2. Gametophytic Self-incompatibility (GSI):
This form of self-incompatibility is more common than SSI but not so well understood. It occurs in nearly one-half of all the families of angiosperms, including
- the Solanaceae [potatoes, tomatoes (wild, not cultivated), and tobacco]
- beets (Beta vulgaris)
- many types of grass
- The S loci are (as in SSI plants) extremely polymorphic; that is, there is an abundance of multiple alleles in the population.
- Incompatibility is controlled by the single S allele in the haploid pollen grain.
- Thus a pollen grain will grow in any pistil that does not contain the same allele (so, as shown here and in contrast to what happens in SSI, S2 pollen from an S1S2) parent will grow down an S1S3 style.
This appears to be the mechanism in the Petunia:
- All pollen grains- incompatible as well as compatible germinate forming pollen tubes that begin to grow down the style.

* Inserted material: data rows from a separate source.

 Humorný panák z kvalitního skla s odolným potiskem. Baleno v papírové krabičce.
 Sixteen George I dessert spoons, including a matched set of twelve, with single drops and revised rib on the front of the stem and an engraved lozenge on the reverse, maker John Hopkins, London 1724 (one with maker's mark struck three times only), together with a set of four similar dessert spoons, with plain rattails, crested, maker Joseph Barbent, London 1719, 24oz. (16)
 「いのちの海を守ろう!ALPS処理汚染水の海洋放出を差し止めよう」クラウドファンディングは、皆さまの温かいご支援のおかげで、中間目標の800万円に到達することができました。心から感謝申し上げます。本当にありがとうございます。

- However, the growth of incompatible pollen tubes stops in the style while compatible tubes go on to fertilize the egg in the ovary.

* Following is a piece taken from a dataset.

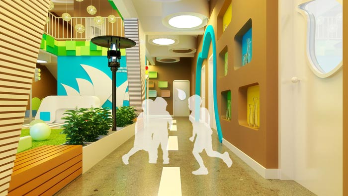 前臺的設計:當家長帶著孩子來到此地的時候,進入空間第一眼看到的就是綠油油的自然景觀,這是設計師繼承了戶外的設計特色,自然地向內(nèi)延伸,讓人不會感到突兀,設計師的想法就是讓孩子進門就看到一個五顏六色的世界,滿足孩子濃重的好奇心,讓孩子一眼就喜歡上這里。
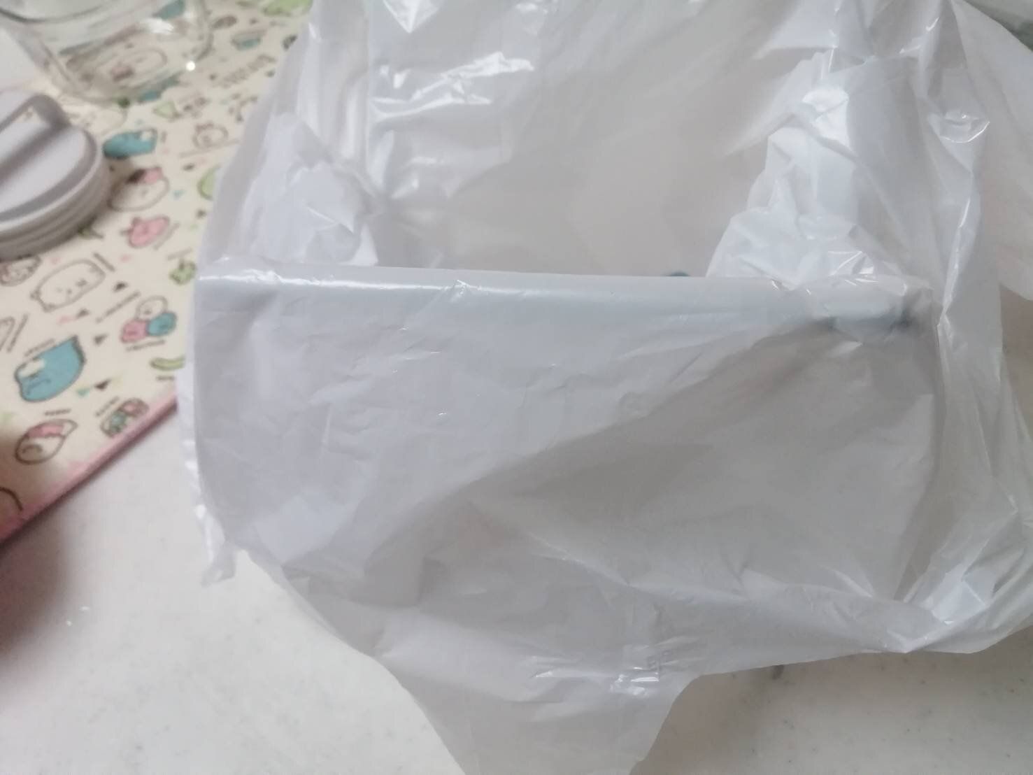 ビニール袋が途中で落ちたりしない?と心配になるかもしれませんが、安心の滑り止め付きです。卵の殻などを入れても重みで滑る事なく、しっかりキープしてくれます。

- The block within incompatible pollen tubes is created by an S-locus-encoded ribonuclease (S-RNase), which is
- synthesized within the style;
- enters the pollen tube and
- destroys its RNA molecules
- halting pollen tube growth.
- The RNase molecules contain a hypervariable region, each encoded by a different allele, which establishes each S specificity (S1, S2, S3, etc.).
- The pollen tube expresses a protein designated SLF that binds S-RNase. SLF also exists in different S-specificities (S1, S2, S3, etc.).
- Incompatible (“nonself’’) tubes, the SCF triggers the degradation (in proteasomes) of the S-RNase thus permitting RNAs in the pollen tube to survive and growth to continue.
- In incompatible (“self”) tubes the interaction of, for example, the S1 SCF with the S1 S-RNase blocks its degradation so the RNAs of the pollen tube are destroyed and growth is halted.